Hi for a lab I need to derivate the following formula.
T=√((4π^2 lm)/Mg)

I know Fnet= (mg/cos)sin

So so far I know Fnet= m x (4pi^2r)/T^2
and I know that r=lcos

but combining the above I got no where since I get an extra sin in there

Last edited: Oct 12, 2008
2. Oct 12, 2008

### Epsillon

Any help?

3. Oct 12, 2008

### tiny-tim

Welcome to PF!

Hi Epsillon! Welcome to PF!
No, r = … ?

4. Oct 12, 2008

### Epsillon

actually r=lsin(pheta)

5. Oct 12, 2008

### Epsillon

Ok so that was actually the mistake preventing me from solving the formula.
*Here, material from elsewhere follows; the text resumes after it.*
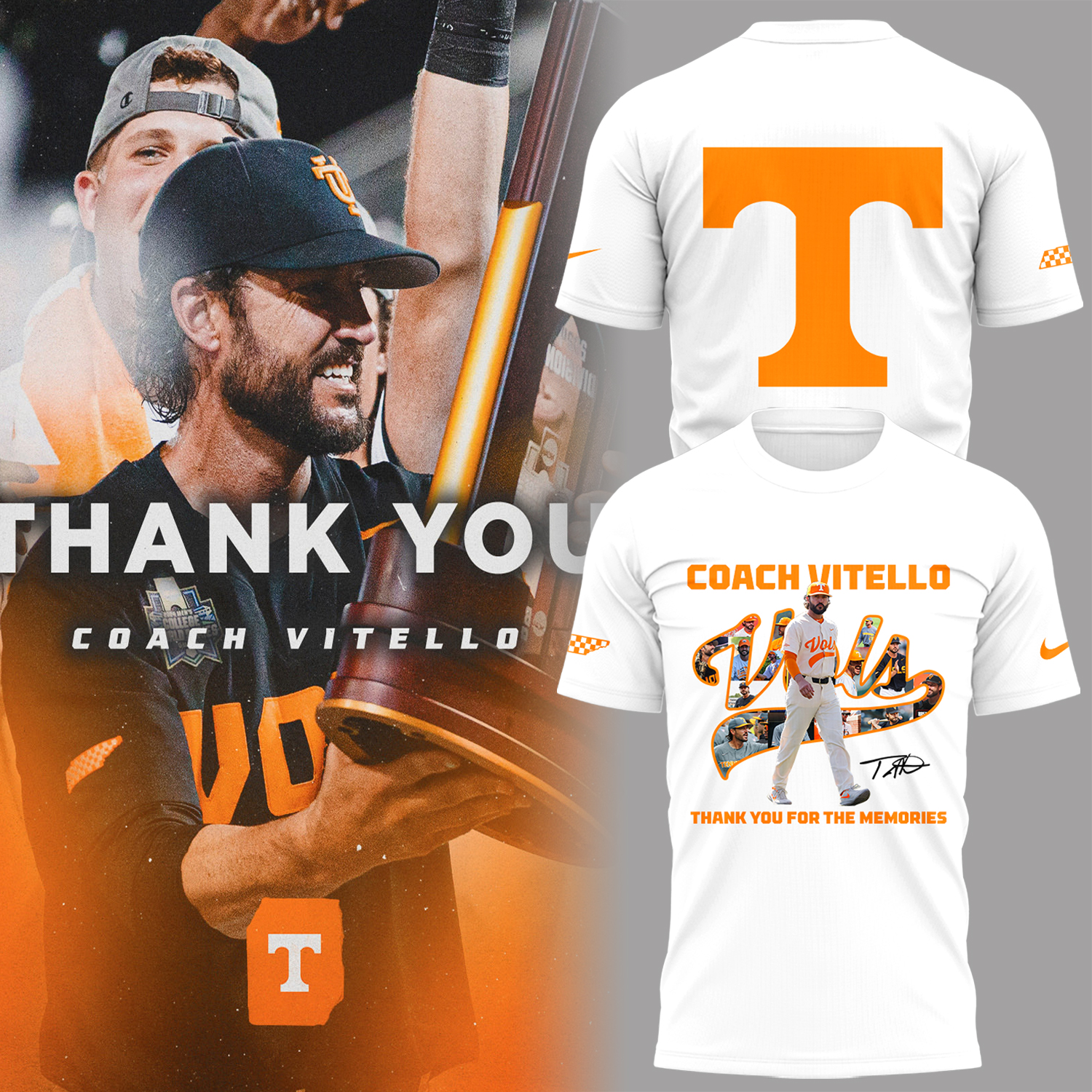 Limited Edition Tennessee “Coach Vitello, Thank You For The Memories ” Shirt-AB1023251100

So I finally got it and I typed this up in words and posted it here incase someone needs it. If it doesent make sense I can perhaps attach the file.
Can someone verify that what I did is right?

Deriving the formula
F_net=ma_c=m((4π^2 r)/T^2 )
F_net= F_c=〖Ft〗_x=Ft×sinθ
Ft×sinθ= (mg/cosθ)sinθ =mgtanθ
Now one can combine the two calculated formulas for F_net
m((4π^2 r)/T^2 ) =(mg/cosθ)sinθ

r=lsinθ
∴ m((4π^2 lsinθ)/T^2 ) =(mg/cosθ)sinθ

F_t=mg/cosθ F_t=Mg
Mg=mg/cosθ
M=m/cosθ cosθ=m/M
∴ m((4π^2 lsinθ)/T^2 ) =(mg/(m⁄M ))sinθ
(m4π^2 lsinθ)/T^2 =Mgsinθ
(m4π^2 lsinθ)/Mgsinθ = T^2
(4π^2 lm)/Mg = T^2
T=√((4π^2 lm)/Mg)

Last edited: Oct 12, 2008
6. Oct 13, 2008

### tiny-tim

A bit long, but basically ok.